Retype each line below precisely and omit all images.

Collected data:
▬▬▬▬▬▬▬▬▬▬

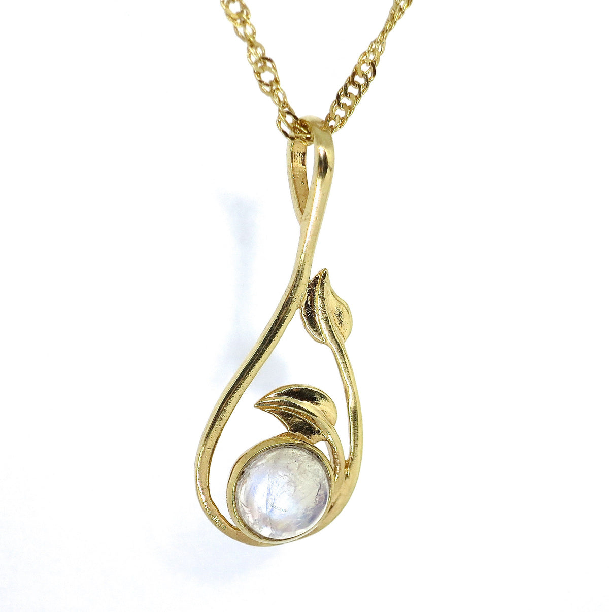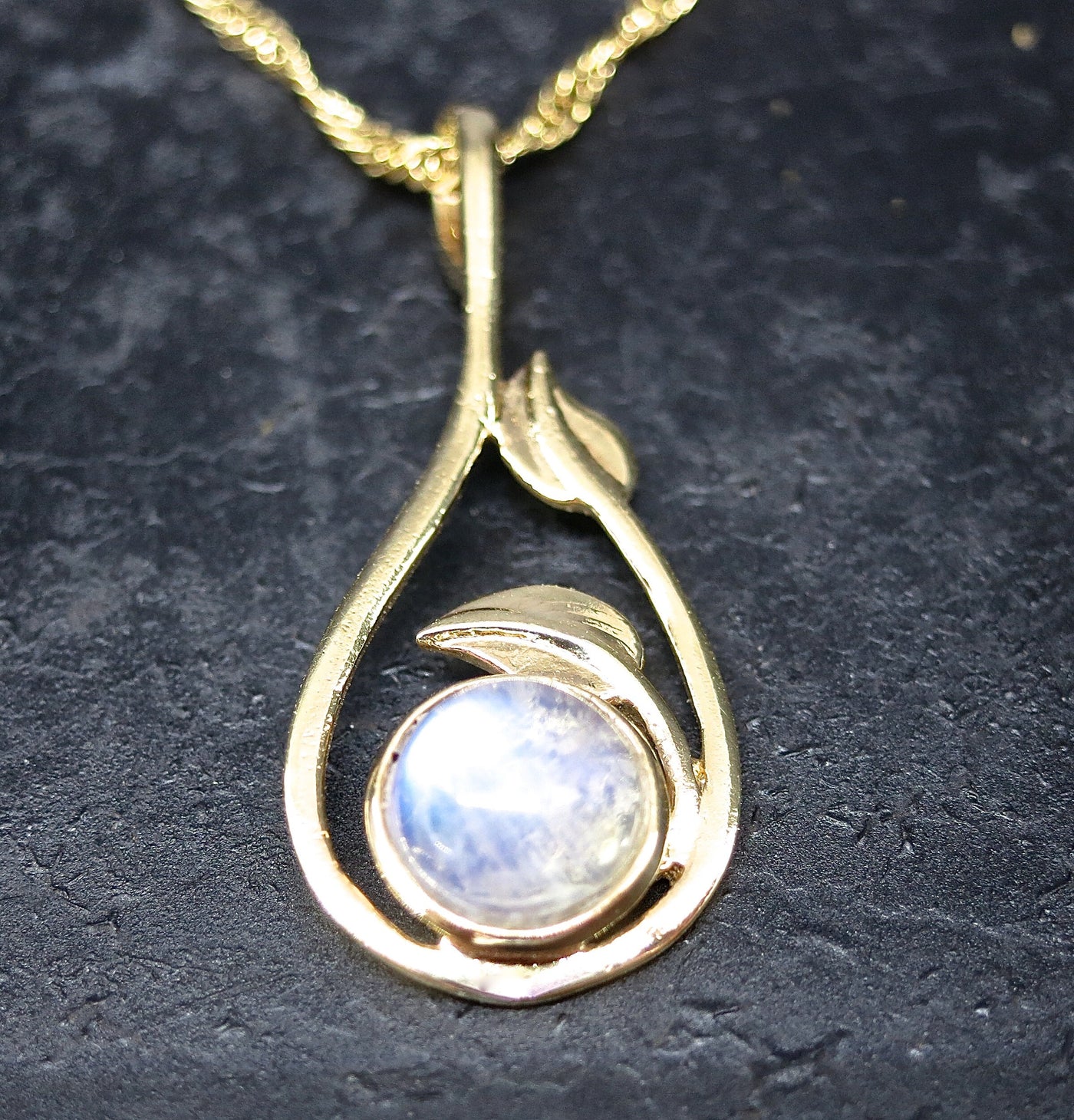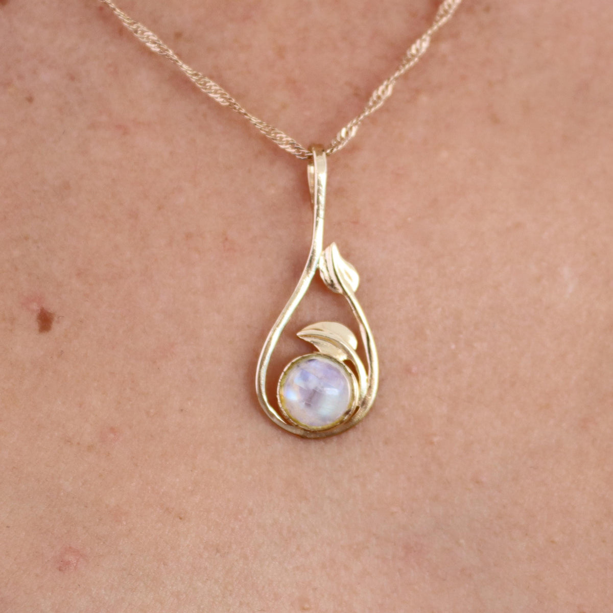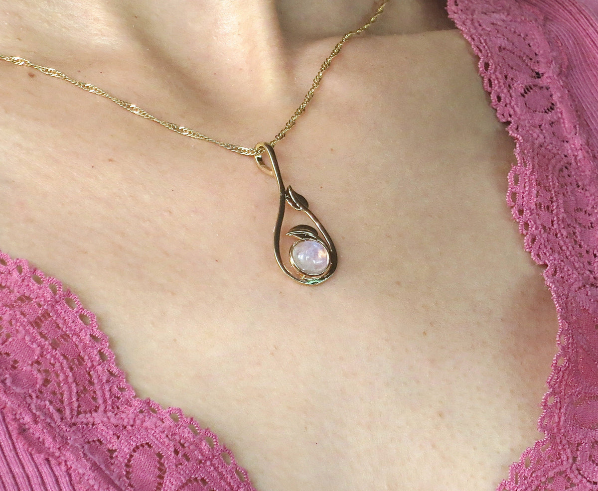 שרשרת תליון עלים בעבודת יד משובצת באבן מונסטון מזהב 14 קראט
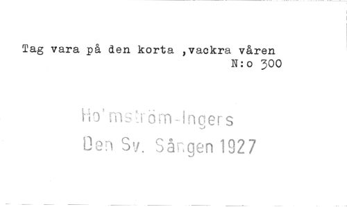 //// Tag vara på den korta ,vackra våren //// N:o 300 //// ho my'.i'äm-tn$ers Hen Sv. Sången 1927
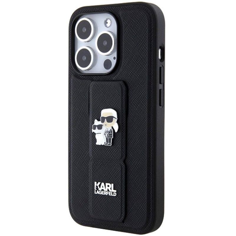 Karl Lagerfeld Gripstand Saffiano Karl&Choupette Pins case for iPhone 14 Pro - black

▬▬▬▬▬▬▬▬▬▬

Solved problem:
 שרשרת תליון עלים בעבודת יד משובצת באבן מונסטון מזהב 14 קראט
 //// Tag vara på den korta ,vackra våren //// N:o 300 //// ho my'.i'äm-tn$ers Hen Sv. Sången 1927
 Karl Lagerfeld Gripstand Saffiano Karl&Choupette Pins case for iPhone 14 Pro - black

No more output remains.